- [WHAT YOU SHOULD DO]
The part below that opens with the line containing "1.パイン 2.オレンジ 3.レモン" and closes with the line containing "付下げ 身丈156 cm 裄丈64 M 袷 鶴 松 螺鈿 金銀彩 灰色 正絹 秀品" should be copied exactly, minus any pictures.

- [DATA TO EXAMINE]
___

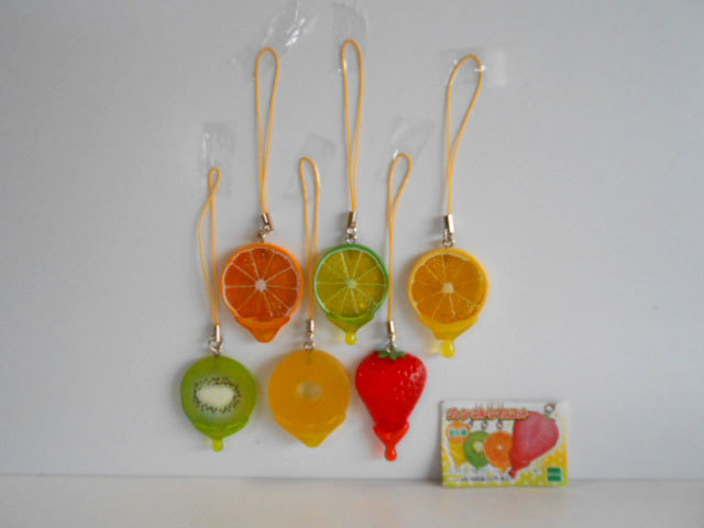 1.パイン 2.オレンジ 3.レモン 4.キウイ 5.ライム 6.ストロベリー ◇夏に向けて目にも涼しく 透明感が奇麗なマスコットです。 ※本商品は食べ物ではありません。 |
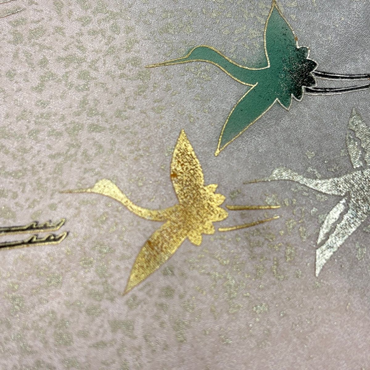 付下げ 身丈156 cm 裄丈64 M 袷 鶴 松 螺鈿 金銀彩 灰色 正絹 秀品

___

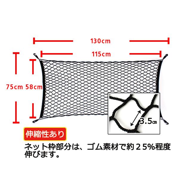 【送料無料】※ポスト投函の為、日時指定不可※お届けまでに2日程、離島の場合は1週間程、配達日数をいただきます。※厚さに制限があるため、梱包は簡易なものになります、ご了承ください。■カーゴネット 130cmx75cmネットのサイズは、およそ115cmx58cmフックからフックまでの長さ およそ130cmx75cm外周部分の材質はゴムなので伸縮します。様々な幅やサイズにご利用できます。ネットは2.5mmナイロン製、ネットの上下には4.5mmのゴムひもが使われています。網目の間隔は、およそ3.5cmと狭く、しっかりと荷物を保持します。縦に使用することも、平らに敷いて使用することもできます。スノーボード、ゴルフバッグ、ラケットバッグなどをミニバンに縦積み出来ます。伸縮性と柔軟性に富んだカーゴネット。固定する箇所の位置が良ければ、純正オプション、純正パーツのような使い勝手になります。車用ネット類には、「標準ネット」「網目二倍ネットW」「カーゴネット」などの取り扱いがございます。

___

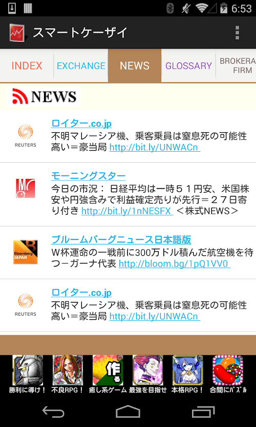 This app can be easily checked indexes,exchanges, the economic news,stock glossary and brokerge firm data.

___

- [RESPONSE AREA]
 1.パイン 2.オレンジ 3.レモン 4.キウイ 5.ライム 6.ストロベリー ◇夏に向けて目にも涼しく 透明感が奇麗なマスコットです。 ※本商品は食べ物ではありません。 |
 付下げ 身丈156 cm 裄丈64 M 袷 鶴 松 螺鈿 金銀彩 灰色 正絹 秀品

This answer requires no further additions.